• _Try it_
Copy exactly the line containing "The unveiling of" and all the lines that follow it to the end of the records, minus the pictures.

= Beginning of Section =

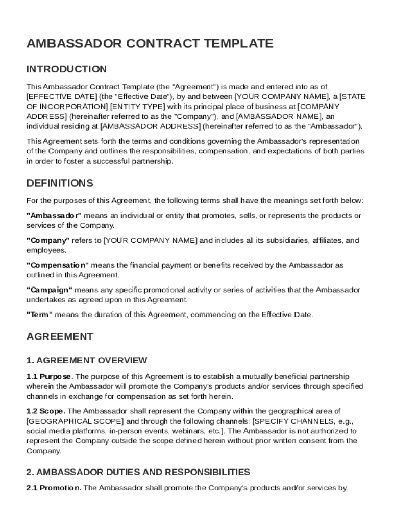 Filling out the Ambassador Contract Template correctly is crucial for establishing a successful partnership. Start by identifying the parties involved and the Effective Date.
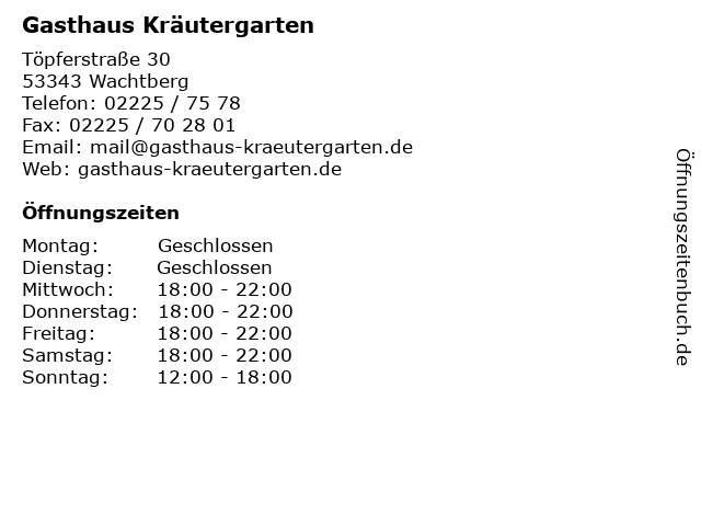 | Öffnungszeiten Gasthaus Kräutergarten in Wachtberg anzeigen | |
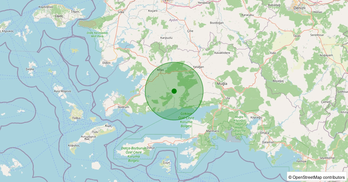 Son 7 gün içinde Milas - Karacaağaç noktasından 100 km yarıçap içerisinde meydana gelen diğer depremler:
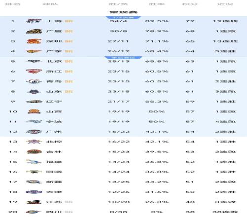 CBA常規(guī)賽冠軍誕生!深圳送四川38連敗遼寧掀翻山東附最新排名
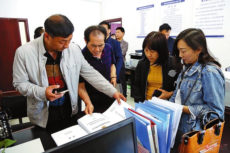 驿城区观摩组在新蔡县扫黑除恶办浏览相关资料。 记者 吴勇峰 摄
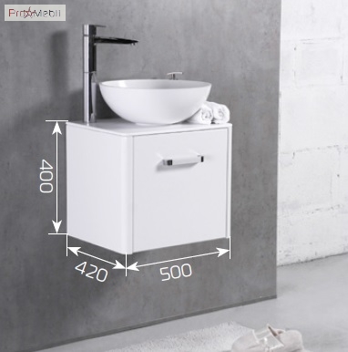 Тумба для ванної з умивальником Fiji 50 Mona Fancy Marble чудово доповнить інтер'єр ванної кімнати і допоможе раціонально використовувати простір під раковиною і покращує естетичний вигляд в цілому. Тумба комплектується умивальником з литого штучного каменю моделі Kris 420 чашоподібної форми і має одну висувну шухляду, яка дозволяє зберігати різну побутову хімію і господарські дрібниці. Для підвішування вмонтовано два регульованих навіси. Корпус і фасадні частини виготовлені з МДФ товщиною 16 мм, поверхня меблів покрита вологостійкою ПВХ-плівкою. Акуратна тумба виконана в класичному кольорі білий глянець, з можливістю виготовити в кольорі білий матовий і графіт матовий. Головною особливістю є динамічні лінії, прямокутні форми; довгасті металеві ручки; система «Soft close», яка забезпечує плавне і м'яке закривання. Fancy Marble - уособлення по-справжньому високої якості, витонченого дизайну і відмінною функціональності.
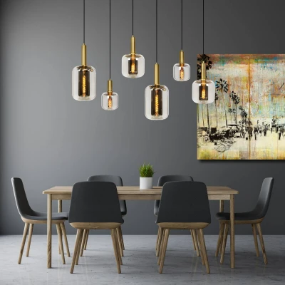 The Joanet hanging light encapsulates elegance and functionality, making it an ideal centerpiece for any living or dining room. This stunning pendant light boasts six beautifully crafted glass light points that gracefully dangle from a sleek mounting plate, offering a dynamic visual appeal that enhances the aesthetic of your space.
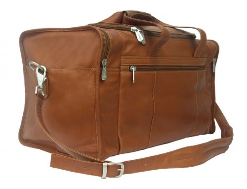 The Piel Leather Travel Duffel with Side Pockets brings together the convenience of a duffel bag and the elegance of leather. This duffel bag made from full-grain leather in several colors to fit your style preferences is sized right to meet the carry-on size regulations for most airlines. Store your travel necessities inside a roomy main compartment with a front U-zip opening as well as two side zip compartments with large open pockets. It has double handles and an adjustable/removable shoulder strap for easy carrying. Covered by a 3-year manufacturer's warranty. Dimensions: 19W x 10D x 11H inches.About Piel Inc.Piel provides the finest luggage made from full-grain leather making it "The Leader in Naked Leather" since 1972. Designed for today's fashion-conscious travelers Piel offers a collection of exquisite suitcases garment bags briefcases and more.
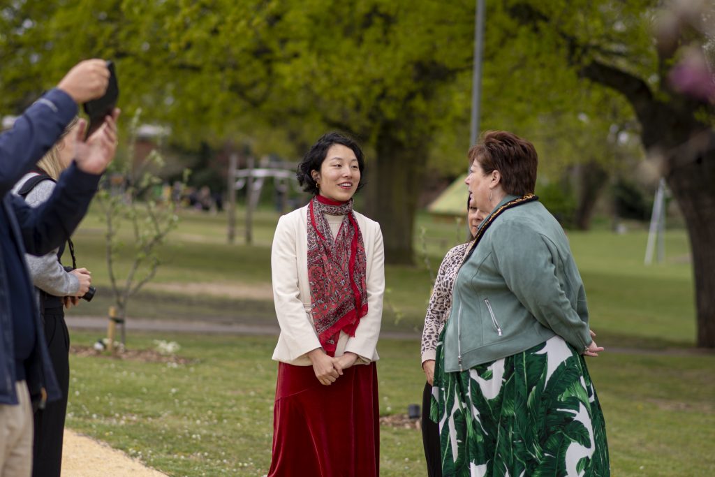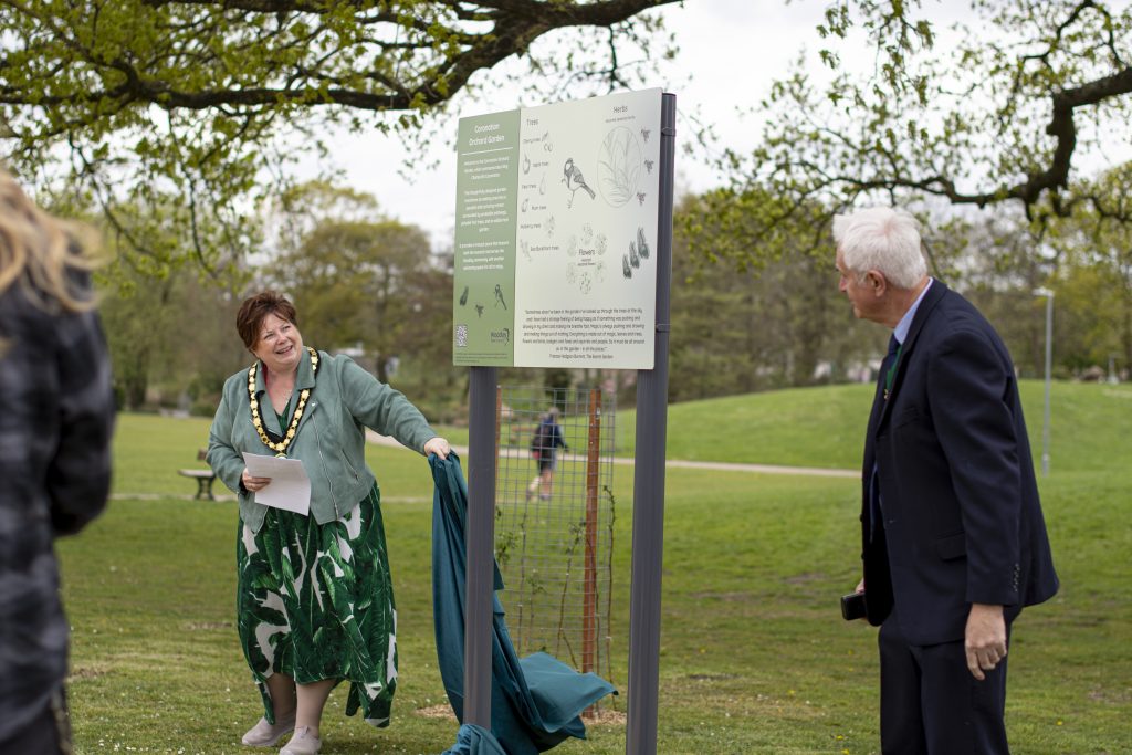 The unveiling of both the Coronation Orchard Garden and the History Wall was well-attended by a host of local dignitaries and community representatives. Guests included Woodley & Earley MP Yuan Yang, past and present Woodley Town Councillors, and Woodley Town Crier Tony Roper. Also in attendance were representatives from community groups who regularly work in partnership with the Council, including Woodley Carnival, Friends of Woodford Park, Woodley Bowling Club, and WASP (Woodley Adopt A Street Project).
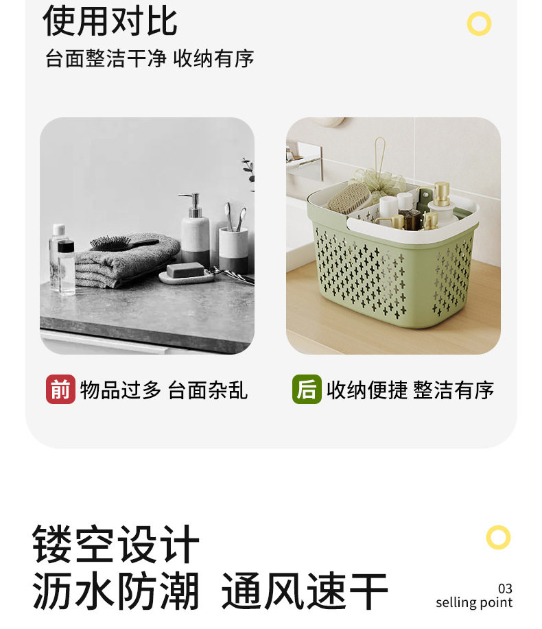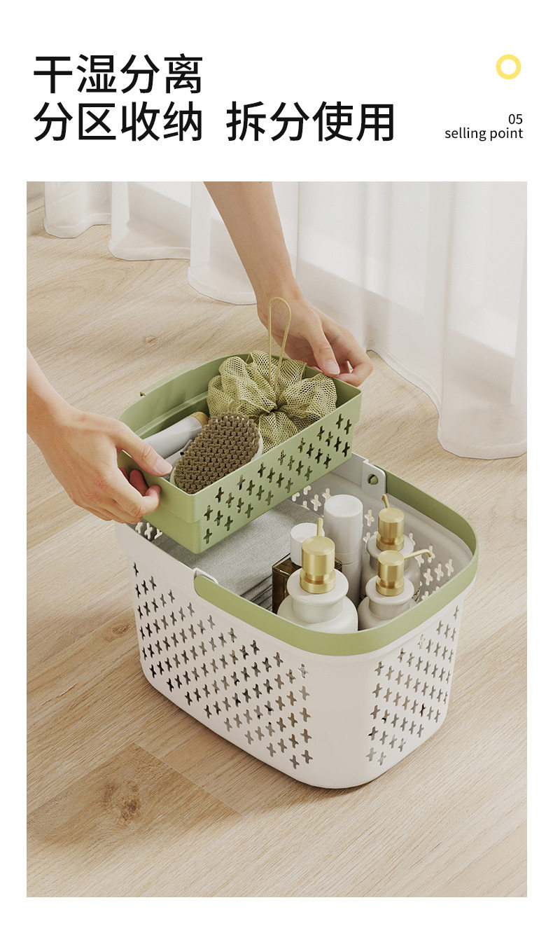 Portable Bath Basket Large Capacity Bath Basket Toiletries South Korea-style Cute Bath Household Bathroom Storage Basket

= End of Section =

• _Reply_
 The unveiling of both the Coronation Orchard Garden and the History Wall was well-attended by a host of local dignitaries and community representatives. Guests included Woodley & Earley MP Yuan Yang, past and present Woodley Town Councillors, and Woodley Town Crier Tony Roper. Also in attendance were representatives from community groups who regularly work in partnership with the Council, including Woodley Carnival, Friends of Woodford Park, Woodley Bowling Club, and WASP (Woodley Adopt A Street Project).
 Portable Bath Basket Large Capacity Bath Basket Toiletries South Korea-style Cute Bath Household Bathroom Storage Basket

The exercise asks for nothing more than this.